13 Na studium książki. Cenimy sobie gościnność braci, którzy udostępniają swe mieszkania na zebrania zborowe. Dlatego przychodząc na nie, musimy szanować własność gospodarzy. Przed drzwiami należy starannie wycierać obuwie, by nie zabrudzić podłogi ani dywanów. Rodzice powinni pilnować swych dzieci, by nie wychodziły poza pomieszczenie wyznaczone do studium książki. Chociaż grupa może być mała, atmosfera zaś mniej formalna, nie możemy w cudzym mieszkaniu czuć się zbyt swobodnie. Gdy małe dziecko korzysta z łazienki, powinno mu towarzyszyć jedno z rodziców. Poza tym studium książki to zebranie zborowe, dlatego należy się ubierać na nie tak, jakbyśmy szli do Sali Królestwa.

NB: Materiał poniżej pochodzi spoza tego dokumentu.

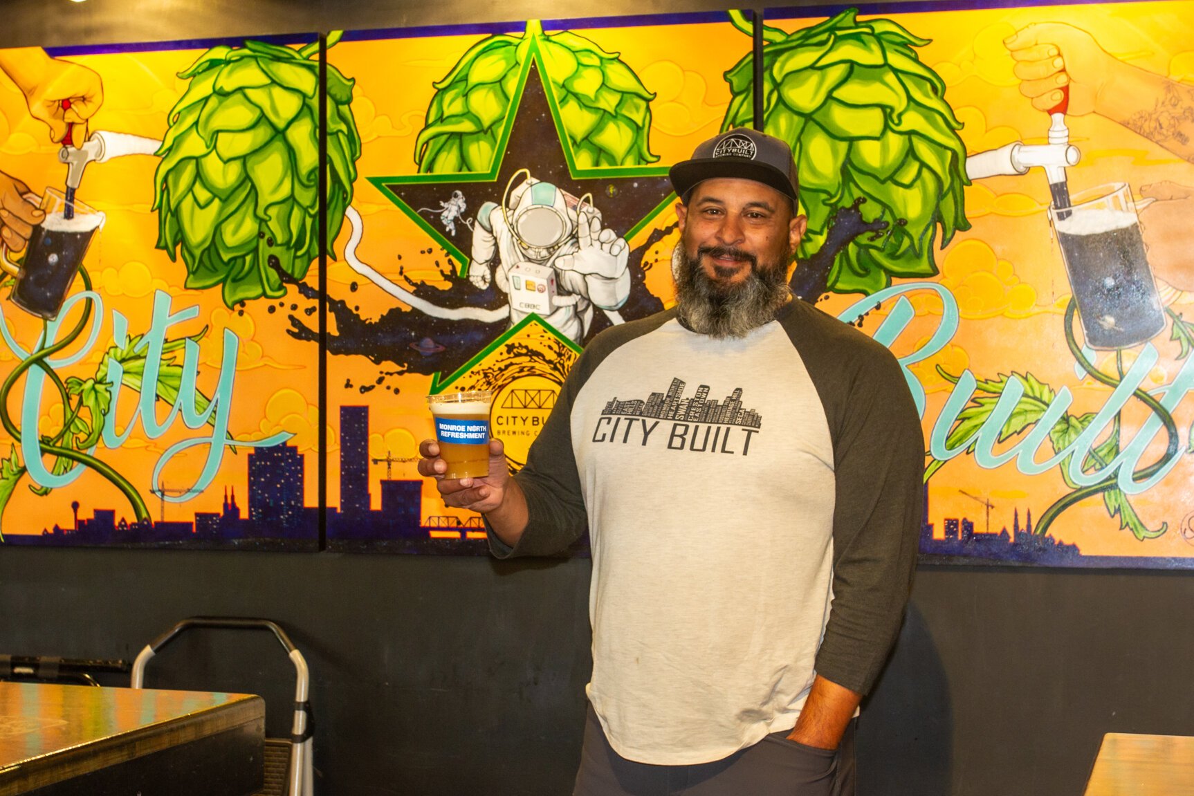Chris Andrus of The Mitten Brewing holding This Pizza is Safe campaign

14 Istotne znaczenie dobrych manier. Przejawianie chrześcijańskich manier nie tylko stawia naszą służbę w dobrym świetle, ale też polepsza stosunki z bliźnimi (2 Kor. 6:3, 4, 6). Jesteśmy czcicielami szczęśliwego Boga, toteż łatwo powinno nam przychodzić uśmiechanie się i bycie miłymi, a nawet wyświadczanie życzliwości w drobnych sprawach, które sprawiają innym radość. Dzięki takim manierom nasze życie jako ludzi bogobojnych stanie się piękniejsze.